GrantTree is a UK firm that helps businesses apply for tax rebates. It has a flat structure with no line-management. It also lets staff – refered to as partners – set their own salaries.
That might sound like an easy way to get a massive pay rise. Or an even easier way for a business to run out of money. But, according to a post on the GrantTree blog, there are checks and balances in place to stop people’s cheques and balances getting out of hand.
“We collect data relevant to our salary and performance, we write a proposal for a new salary based on this data, we receive feedback on our proposal and we make a final decision about our pay,” writes Robert Kellner, the company’s head of content.
Perks for parents
Non-financial benefits are also proving popular, particularly in the US.

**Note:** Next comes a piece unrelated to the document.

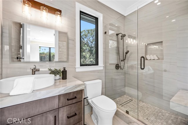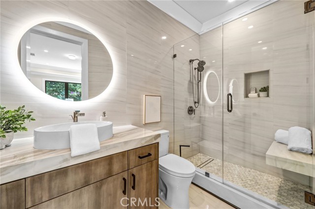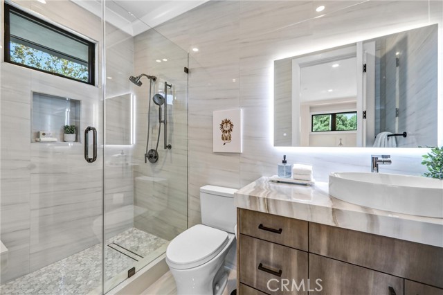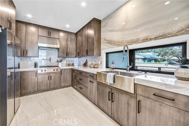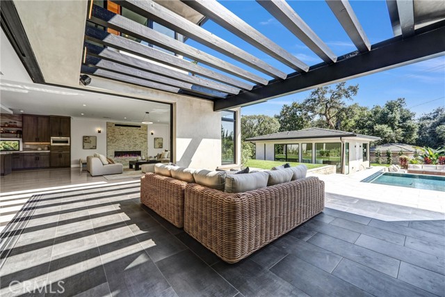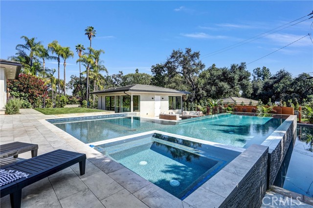 Half an acre of perfection! This completely reimagined property includes a NEW CONSTRUCTION contemporary masterpiece, drought-friendly landscaping, PAID OFF solar roof panels (nearly NET ZERO!), a backyard oasis and a bonus ADU/pool house. No expense spared! Step inside through the stunning pivot front door and you’ll find wide-plank hardwood floors, dramatic double staircases and soaring ceilings. Every room here includes beautiful tilework, gorgeous fixtures and custom millwork. The main level has an open layout that’s filled with natural light. The chef’s kitchen anchors the rear of the floorplan, complete with sleek European cabinetry, top-of-the-line Wolf & Sub-Zero appliances, two porcelain-topped islands and a scullery. The kitchen is open to the living room and dining room, which includes a climate-controlled wine cellar. When the weather’s right, you can open the massive glass pocket doors to truly maximize indoor/outdoor living. In that backyard oasis, you can entertain under the pergola, dine in the lanai under the built-in infrared heaters, or gather around the poolside firepit. The infinity-edge spa & pool has to be seen in person! The ADU/poolhouse includes a kitchen, bedroom & bathroom – with all the same high-end materials found in the main house. Back in the main house, there are two master suites – one upstairs and one downstairs. Both spa-like ensuites are simply stunning, offering porcelain slab walls, his&her vanities, a free-standing soaking tub and a gorgeous frameless glass shower. Each of the guest bedrooms also includes a private ensuite. Still need more space? Head down to the lower level, where you’ll find a large game/rec room, a gym/home office, a home theater, a guest room and a bathroom. Even the basement has private outdoor space! Don’t forget about the 4-bay garage and the solar roof panels on Net Meter 2.0 – which nearly eliminates all your utility bills! Nestled in the foothills of the San Gabriel Mountains, this neighborhood puts you close to everything – hiking trails, the 210 Fwy, Pasadena, Santa Anita, the Arboretum and more. The area is zoned to the award-winning Arcadia school district, and you’ll be just minutes from all the shopping & dining along historic Rt 66.

The social media platform, Pinterest, has several non-financial perks aimed at parents in particular. Such as four months’ leave for new parents. That’s followed by a four-week period during which they only need to show up for work once a week, while still receiving full pay.
Parents of children with learning or developmental disabilities can join online classes, paid for by the company. There’s a find-a-babysitter service, too, and they’ll even ship your breastmilk home if you’re travelling for work.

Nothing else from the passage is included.